'Freedom of religion does not exist,' but Saudis avoid sanctions

Monday, December 22, 2003

The Bush administration has categorized Saudi Arabia as the worst violator of religious freedom in the Middle East, but has refrained from placing the kingdom in a category that would have resulted in U.S. arms sanctions.

A State Department report cited Saudi Arabia as the most flagrant violator of religious freedom in the region. They said the Saudi kingdom continues to display hostility toward non-Islamic religions despite numerous U.S. appeals.

But the report, dismissing a recommendation by a congressionally-mandated U.S. commission, avoided placing Saudi Arabia in a category termed "countries of particular concern." The six countries in that category have been subject to a range of U.S. sanctions, including a ban on the delivery of U.S. military platforms, Middle East Newsline reported.

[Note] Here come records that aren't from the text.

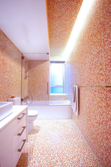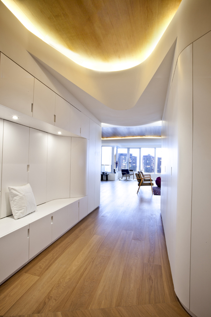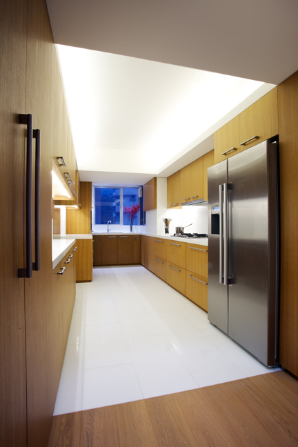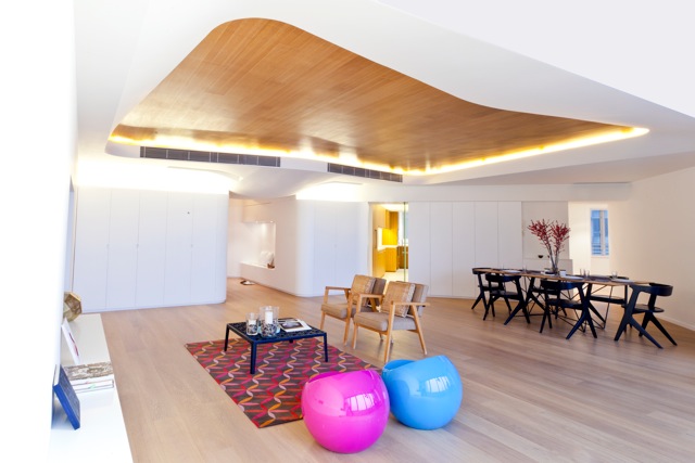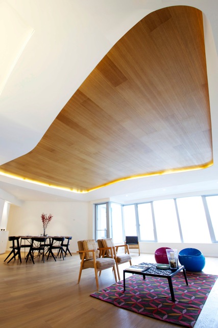 Nestled amongst a forest of towers on Old Peak Road above Central Hong Kong, the Tregunter tower holds unique layered views of Victoria Harbor. The abundance of bay windows, structural walls and beams that are common to residential towers would appear to constrain the possibilities of the apartment. However, by turning constraints into opportunities, plusClovers re-works the volumes of this apartment by using the ceiling and the floor. Subtly elongating, pressing upward, and sloping downward, the ceiling produces variable sensations of compression and expansion – making the apartment seem larger than it is, drawing delicate lines that separate dining from living. Skillfully dodging and maneuvering around air-conditioning units and structural beams, the ceiling integrates artificial light and various materials – re-orienting the apartment toward the exterior. The minimal use of wood and plaster shift the elevation of the apartment (typically on the walls) to the horizontal surfaces – enhancing the outward/upward thrust of the ceiling. Cabinets painted white, thicken and absorb storage, entertainment systems and integrate bench seating. Materials are used three-dimensionally throughout the apartment. Wood rotates from floors and ceilings to walls in the kitchen and mosaic tiles brighten toward windows in the bathrooms making the illumination from windows seem even brighter.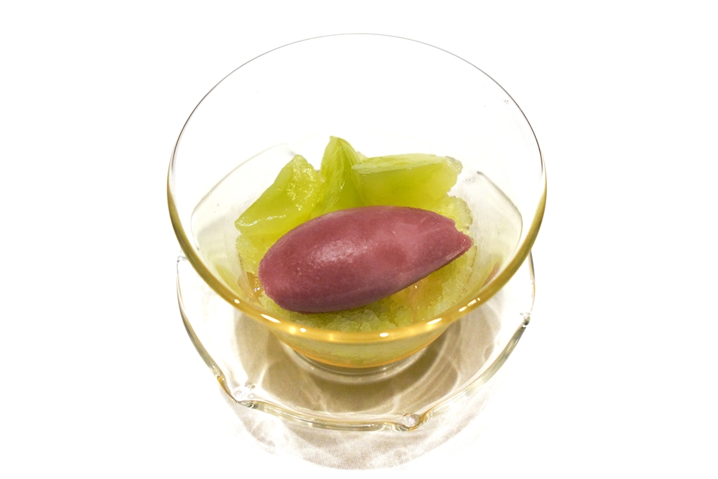 8th course : Seasonal Fruit Dessert [15/20] – ขนมหวานที่เลือกจากผลไม้ตามฤดูกาลที่ผมเลือกเป็นองุ่นที่ได้เป็นไอศกรีมองุ่นแดงเสิร์ฟคู่กับกรานิต้าองุ่นเขียวไชน์มัสแคตและเจลลี่ชา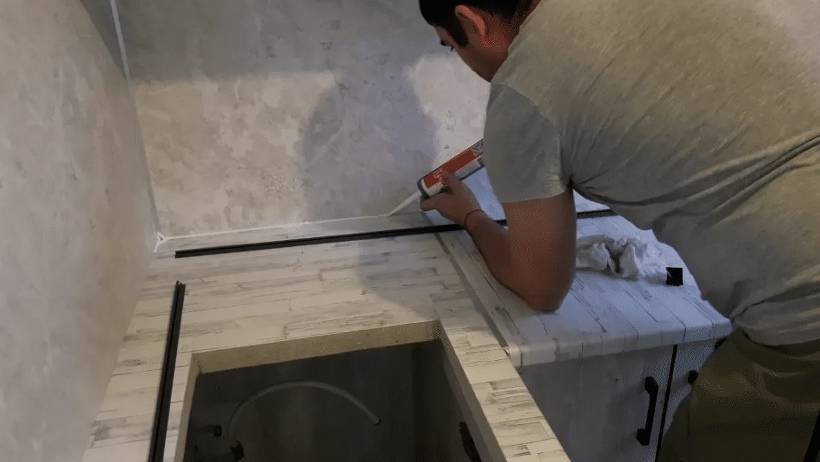 Если бордюр соответствует параметрам, то обезжирьте место, на которое собираетесь установить его. После этого воспользуйтесь герметиком и нанесите его на столешницу. Остается только хорошо прижать плинтус.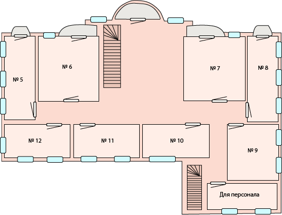 В гостинице всего 12 номеров, два из которых (№ 6 и № 7) - люкс.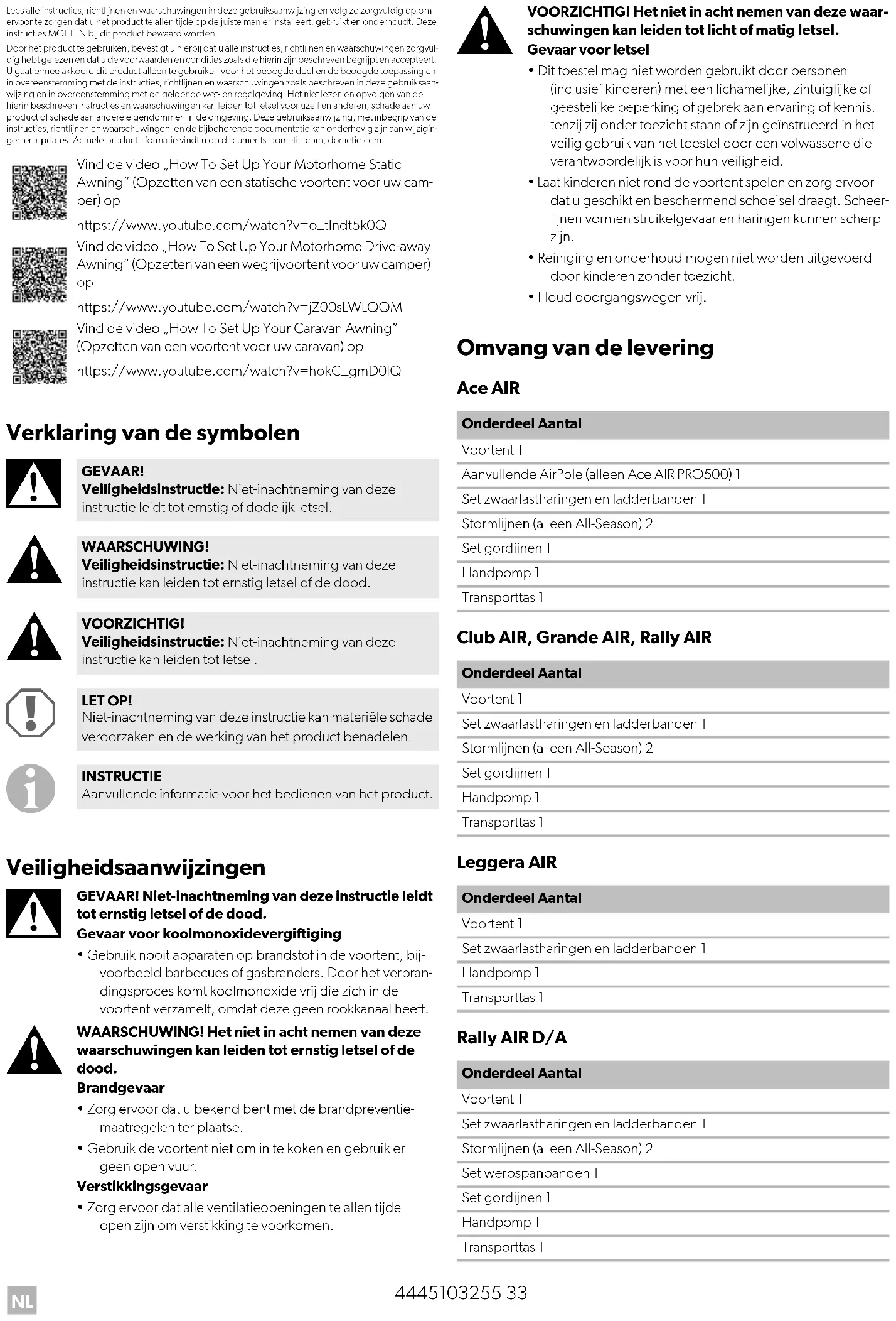 https://www.youtube.com/watch?v=jZ00sLWLQQM Vind de video „How To Set Up Your Caravan Awning” (Opzetten van een voortent voor uw caravan) op https://www.youtube.com/watch?v=hokC_gmD0lQ GEVAAR! Veiligheidsinstructie: Niet-inachtneming van deze instructie leidt tot ernstig of dodelijk letsel. WAARSCHUWING! Veiligheidsinstructie: Niet-inachtneming van deze instructie kan leiden tot ernstig letsel of de dood. VOORZICHTIG! Veiligheidsinstructie: Niet-inachtneming van deze instructie kan leiden tot letsel. LET OP! Niet-inachtneming van deze instructie kan materiële schade veroorzaken en de werking van het product benadelen. INSTRUCTIE Aanvullende informatie voor het bedienen van het product. Onderdeel Aantal Voortent 1 Aanvullende AirPole (alleen Ace AIR PRO500) 1 Set zwaarlastharingen en ladderbanden 1 Stormlijnen (alleen All-Season) 2 Set gordijnen 1 Handpomp 1 Transporttas 1 Onderdeel Aantal Voortent 1 Set zwaarlastharingen en ladderbanden 1 Stormlijnen (alleen All-Season) 2 Set gordijnen 1 Handpomp 1 Transporttas 1 Onderdeel Aantal Voortent 1 Set zwaarlastharingen en ladderbanden 1 Handpomp 1 Transporttas 1 Onderdeel Aantal Voortent 1 Set zwaarlastharingen en ladderbanden 1 Stormlijnen (alleen All-Season) 2 Set werpspanbanden 1 Set gordijnen 1 Handpomp 1 Transporttas 1NL

Saudi Arabia is the biggest client of U.S. weaponry and has been negotiating several major deals to modernize the kingdom's military and National Guard.

The six countries of particular concern are Burma, China, Cuba, Laos, North Korea and Vietnam. Iran has not been on the list State Department list despite being cited as a major violator of religious freedom in the Middle East.

"Freedom of religion does not exist in Saudi Arabia," the report said. "Muslims not adhering to the officially sanctioned version faced harassment at the hands of the [religious police]."

"Saudi Arabia has been very close to the threshold, and in terms of restrictions of religious freedom there are few countries that are more restrictive in terms of their laws," John Hanford, the State Department's ambassador at large for international religious freedom, said. "There are other countries that are much harsher in terms of the ways that they manifest their laws, in terms of arresting and torture and murdering people.

The government of Saudi Arabia has begun to implement some measures to address this problem, and we will be in the process of trying to assess how far those are along before we make that final decision."

The department's report, however, said there was no change in the status of religious freedom in Saudi Arabia over the last year. The department cited the continued detention of Shi'ite leaders and members of the Ismaili Shi'a community in the Najran province.

Saudi mosque preachers paid by the government used what was termed violently anti-Jewish and anti-Christian language in their sermons, the report said. The report said Hindus, regarded as polytheists, faced greater discrimination than Christians with respect to compensation for accidental death and injury.

The report said the United States would press Riyad to honor its commitment to permit private religious worship by non-Muslims, to eliminate discrimination against minorities, and to promote tolerance toward non-Muslims. The report said U.S. embassy staffers have discussed allegations of Saudi religious rights violations with kingdom officials.